» **Source data**:
>>>>
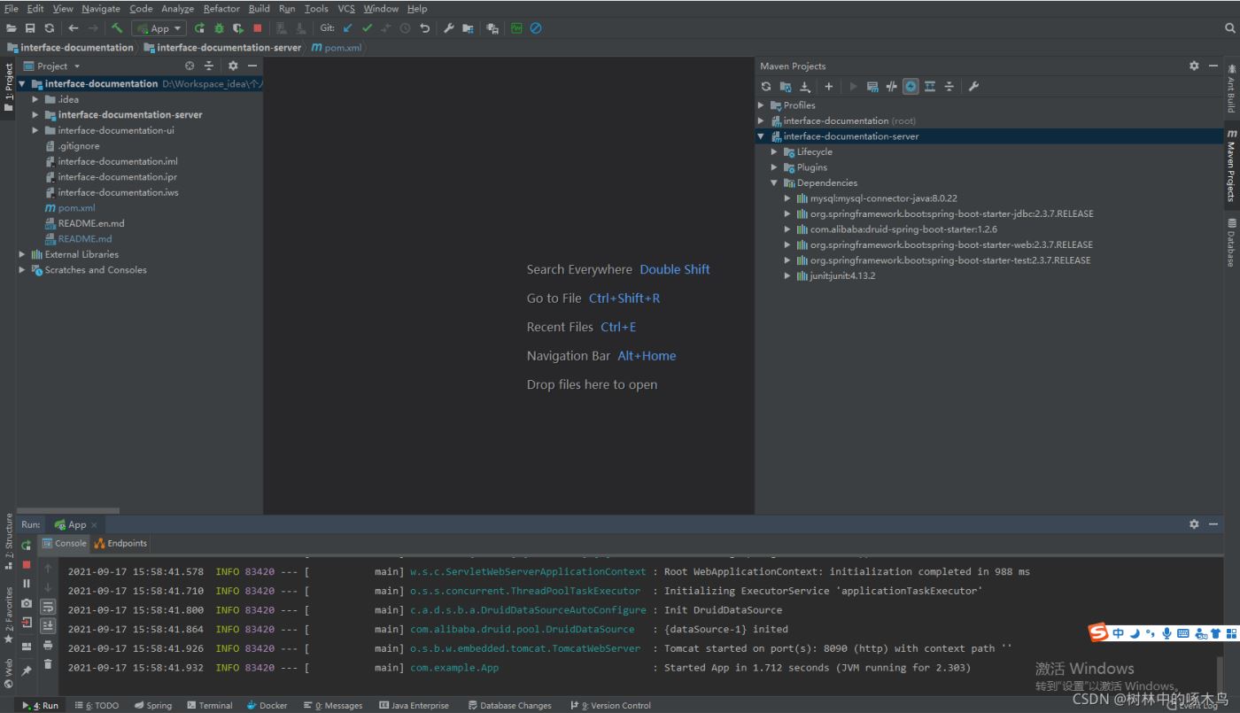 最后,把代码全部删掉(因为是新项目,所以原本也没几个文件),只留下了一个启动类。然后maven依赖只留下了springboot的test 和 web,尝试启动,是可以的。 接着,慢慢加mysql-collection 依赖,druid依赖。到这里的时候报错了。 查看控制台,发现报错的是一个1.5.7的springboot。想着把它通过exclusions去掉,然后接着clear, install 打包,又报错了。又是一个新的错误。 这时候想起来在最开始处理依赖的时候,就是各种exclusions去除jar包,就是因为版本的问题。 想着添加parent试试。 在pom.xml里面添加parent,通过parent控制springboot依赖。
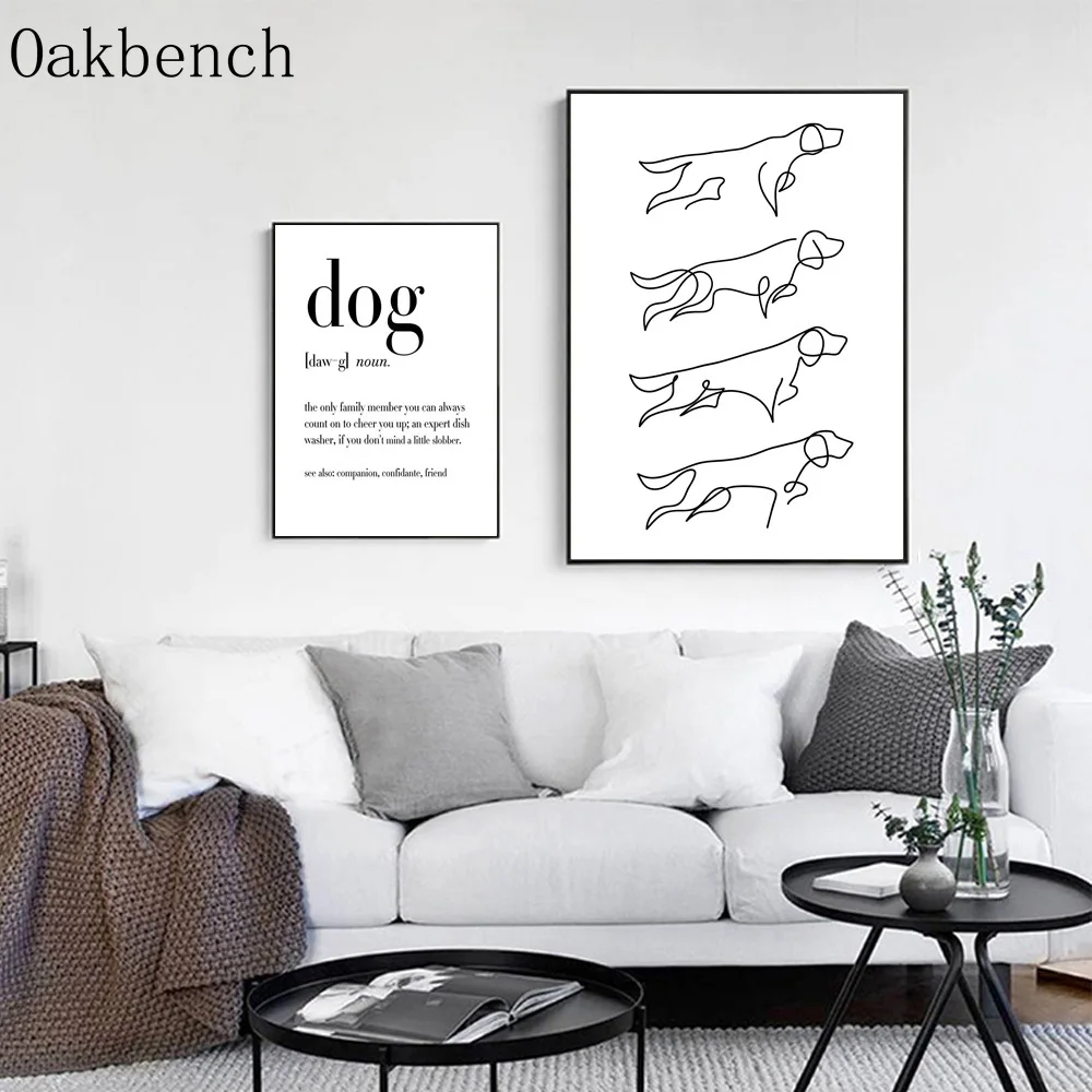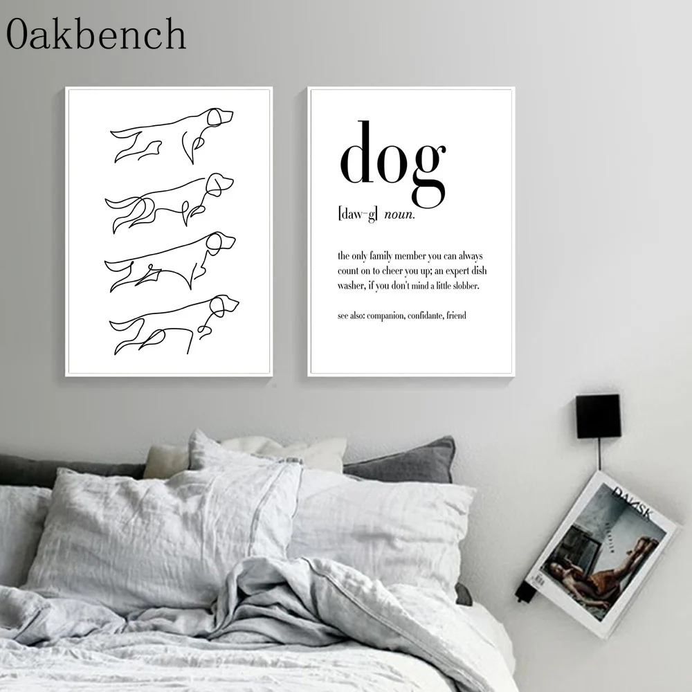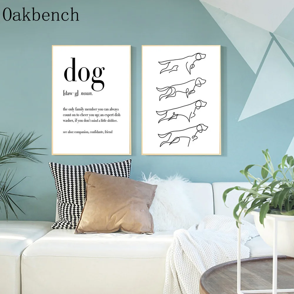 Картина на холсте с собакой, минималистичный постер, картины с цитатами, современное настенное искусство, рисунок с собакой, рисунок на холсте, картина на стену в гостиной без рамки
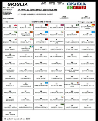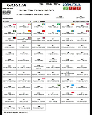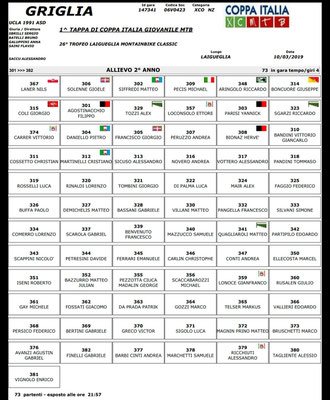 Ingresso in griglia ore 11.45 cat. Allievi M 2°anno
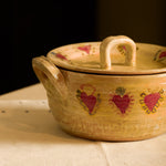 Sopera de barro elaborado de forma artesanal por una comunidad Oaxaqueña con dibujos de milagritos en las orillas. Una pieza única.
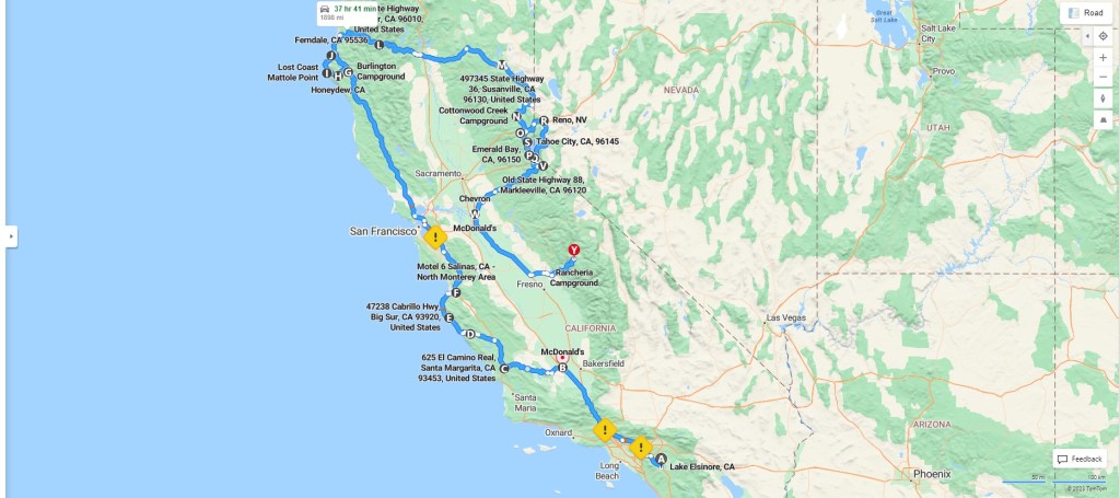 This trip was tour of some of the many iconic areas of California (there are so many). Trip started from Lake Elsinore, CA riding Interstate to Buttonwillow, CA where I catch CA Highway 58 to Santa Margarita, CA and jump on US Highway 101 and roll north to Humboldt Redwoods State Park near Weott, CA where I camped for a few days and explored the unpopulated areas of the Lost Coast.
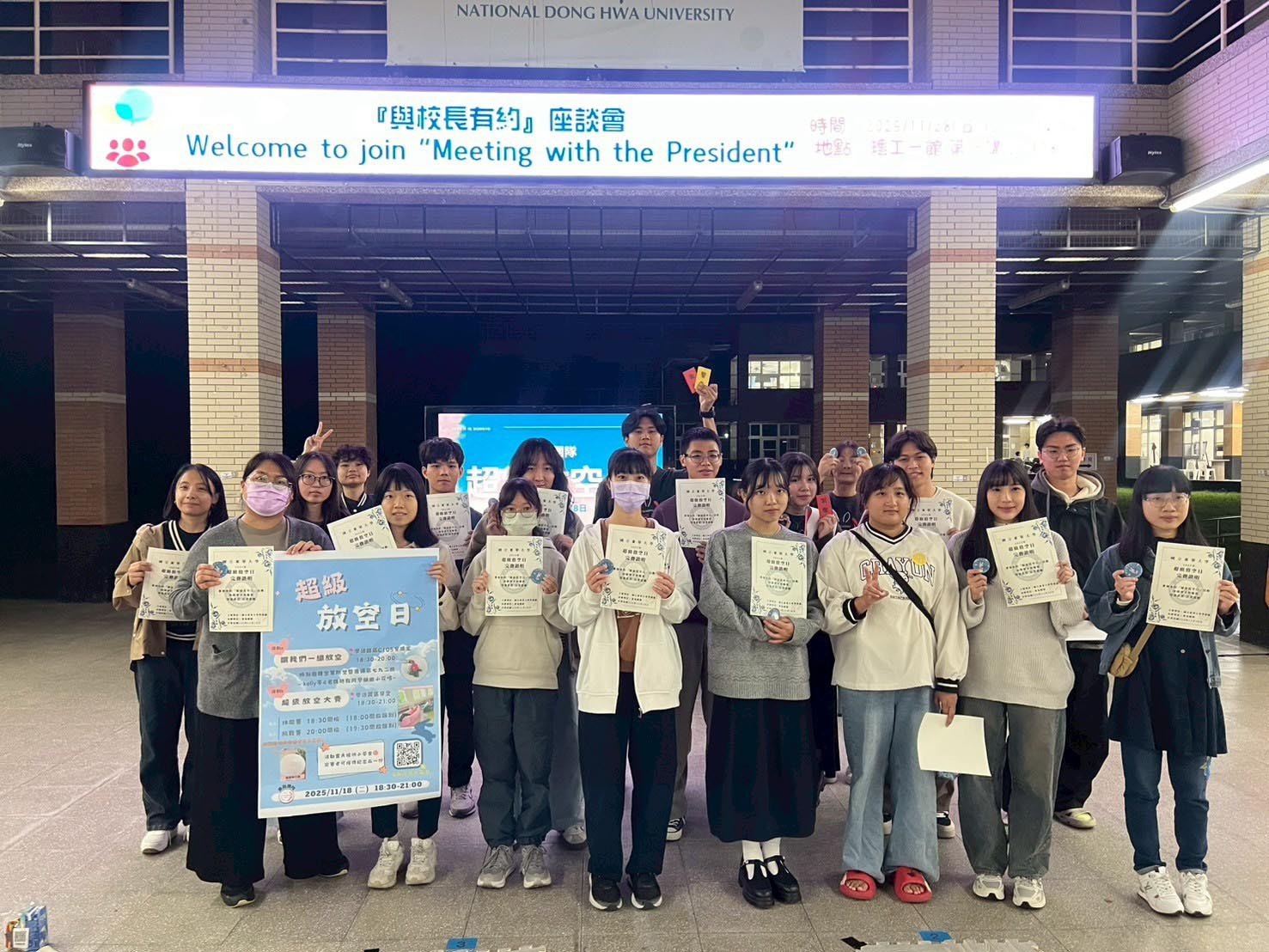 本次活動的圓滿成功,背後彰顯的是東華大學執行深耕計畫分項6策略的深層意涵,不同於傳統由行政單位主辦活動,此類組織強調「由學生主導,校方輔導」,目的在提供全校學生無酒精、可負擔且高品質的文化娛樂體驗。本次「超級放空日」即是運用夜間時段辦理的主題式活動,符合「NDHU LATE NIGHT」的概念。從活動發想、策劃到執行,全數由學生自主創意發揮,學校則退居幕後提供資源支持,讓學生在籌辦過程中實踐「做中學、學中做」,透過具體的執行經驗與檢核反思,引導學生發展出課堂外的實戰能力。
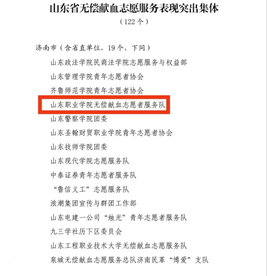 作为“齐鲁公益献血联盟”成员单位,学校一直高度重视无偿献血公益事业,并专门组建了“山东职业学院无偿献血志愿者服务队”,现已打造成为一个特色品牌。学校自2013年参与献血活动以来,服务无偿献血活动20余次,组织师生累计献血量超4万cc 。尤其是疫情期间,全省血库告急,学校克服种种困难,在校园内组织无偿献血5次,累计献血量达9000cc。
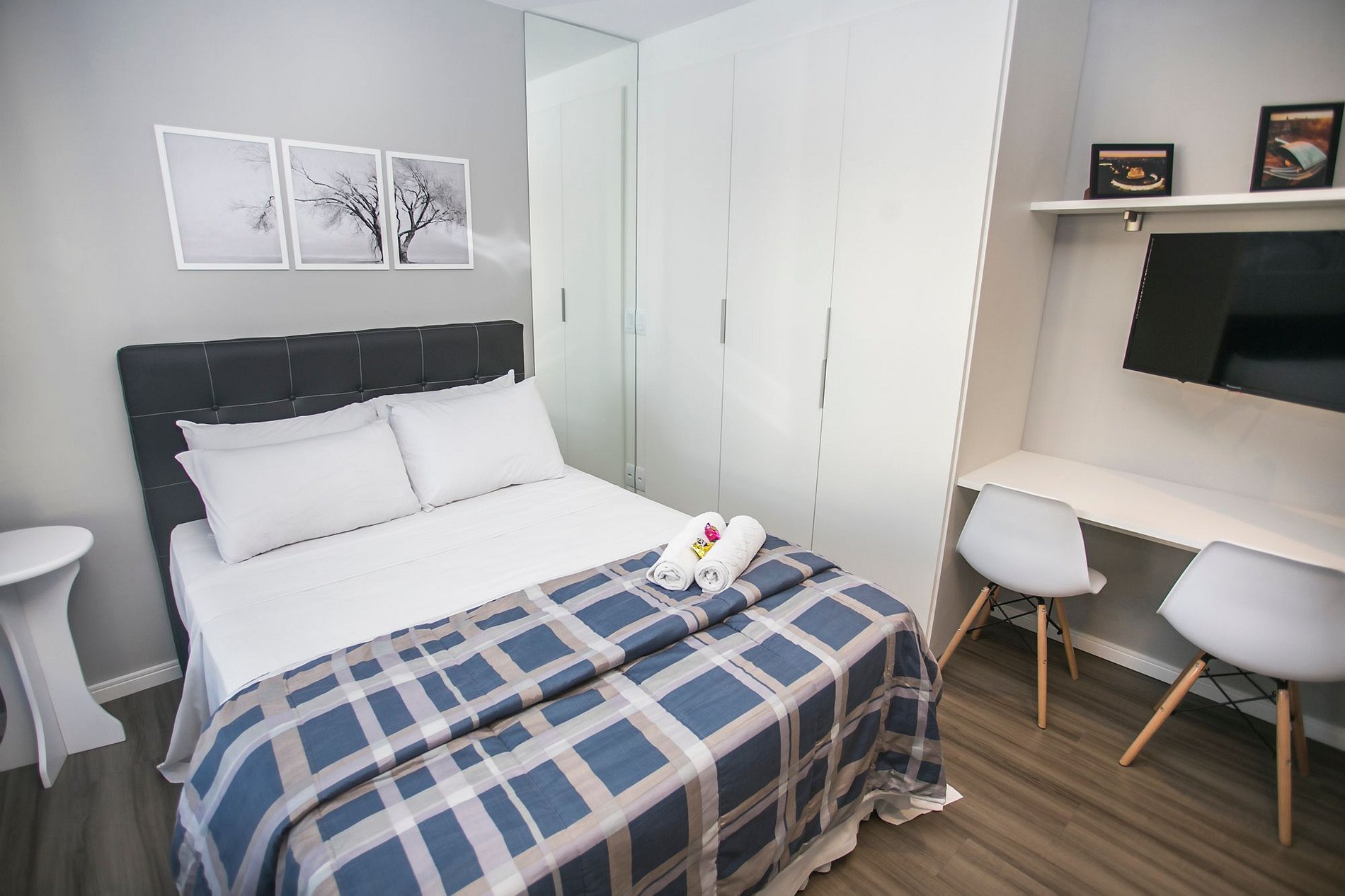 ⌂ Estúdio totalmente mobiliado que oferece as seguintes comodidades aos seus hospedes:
<<<<
» **Goal of the exercise**: The answer must be the lines from the first one in the records through the line containing "Sopera de barro", copied exactly, with no pictures.

» **Reply to the task**:
 最后,把代码全部删掉(因为是新项目,所以原本也没几个文件),只留下了一个启动类。然后maven依赖只留下了springboot的test 和 web,尝试启动,是可以的。 接着,慢慢加mysql-collection 依赖,druid依赖。到这里的时候报错了。 查看控制台,发现报错的是一个1.5.7的springboot。想着把它通过exclusions去掉,然后接着clear, install 打包,又报错了。又是一个新的错误。 这时候想起来在最开始处理依赖的时候,就是各种exclusions去除jar包,就是因为版本的问题。 想着添加parent试试。 在pom.xml里面添加parent,通过parent控制springboot依赖。
 Картина на холсте с собакой, минималистичный постер, картины с цитатами, современное настенное искусство, рисунок с собакой, рисунок на холсте, картина на стену в гостиной без рамки
 Ingresso in griglia ore 11.45 cat. Allievi M 2°anno
 Sopera de barro elaborado de forma artesanal por una comunidad Oaxaqueña con dibujos de milagritos en las orillas. Una pieza única.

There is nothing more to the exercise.